Such is the anxiety to snap up a convert in Ireland, it matters not from what church or to what church, that Mr. Lucre lost no time in securing the appointment of honest Darby to the office of Castle Cumber Deputy Goaler—an appointment to which both M’Clutchy and M’Slime strongly recommended him, not certainly from an excess of affection towards that simple and worthy man, but from a misgiving that an important portion of a certain correspondence in the shape of two letters was in his possession, and that so far they were prudent in declining to provoke his enmity.
CHAPTEK XXII.—–Castle Cumber Grand Jury Room
—A Concientious Hangman—Way to a Glebe House of More Importance than the Way to Heaven—Irish Method of Dispensing Justice—Short Debate on the Spy System—Genealogical Memoranda—Patriotic Presentments—A Riverless Bridge
We pass now, however, to the Grand Jury Room of the county, and truly as a subordinate tribunal for aiding the administration of justice, it was, at the time of which we write, one of the most anomalous exhibitions that could be witnessed. It was a long room, about thirty-six or forty feet in length, by thirty, with a fire-place at each end, and one or two at the sides. Above the chimney-piece was an oil painting of William the Third, together with a small bronze equestrian statue of the same prince, and another of George the Third. There were some other portraits of past and present jurors, presented by themselves or their friends. But there was certainly one which we cannot omit, although by whom presented, or on what occasion, we are wholly unable to inform the reader. We are inclined to think it must have been placed there by some satirical wag, who wished to ridicule the extent to which mere royalty was carried in those days, and the warmth of admiration with which its most besotted manifestations were received. The picture in question was the portrait of a pious hangman, who was too conscientious to hang any one but a Papist. They called him Jerry Giles; a little squat fellow, with a face like a triangle, a broken nose, and a pair of misplaced or ill-matched eye-brows, one of them being nearly an inch higher up the forehead than the other.
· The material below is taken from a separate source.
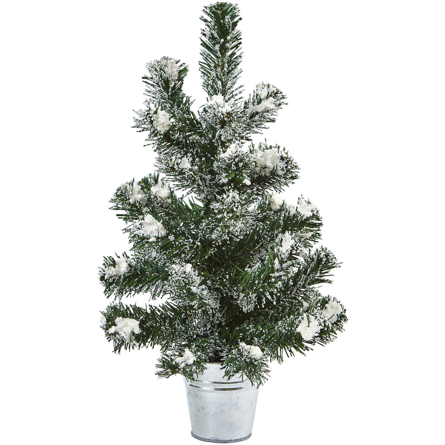 Nearly Natural 18″ Mini Snowy Pine Artificial Christmas Trees with Tin Planters (Set of 2)

Jerry, it seems, had his own opinions, one of which was, that there existed no law in the constitution for hanging a Protestant. He said that if he were to hang a Protestant felon, he would be forced to consider it in his conscience only another name for suicide; and that, with a blessing, he would string up none but such vile wretches as were out of the pale of the constitution, and consequently not entitled to any political grace or salvation whatever. And, indeed, upon the principles of the day, the portrait of Jerry was nearly as well entitled to be hung among the grand jurors as that of any one there.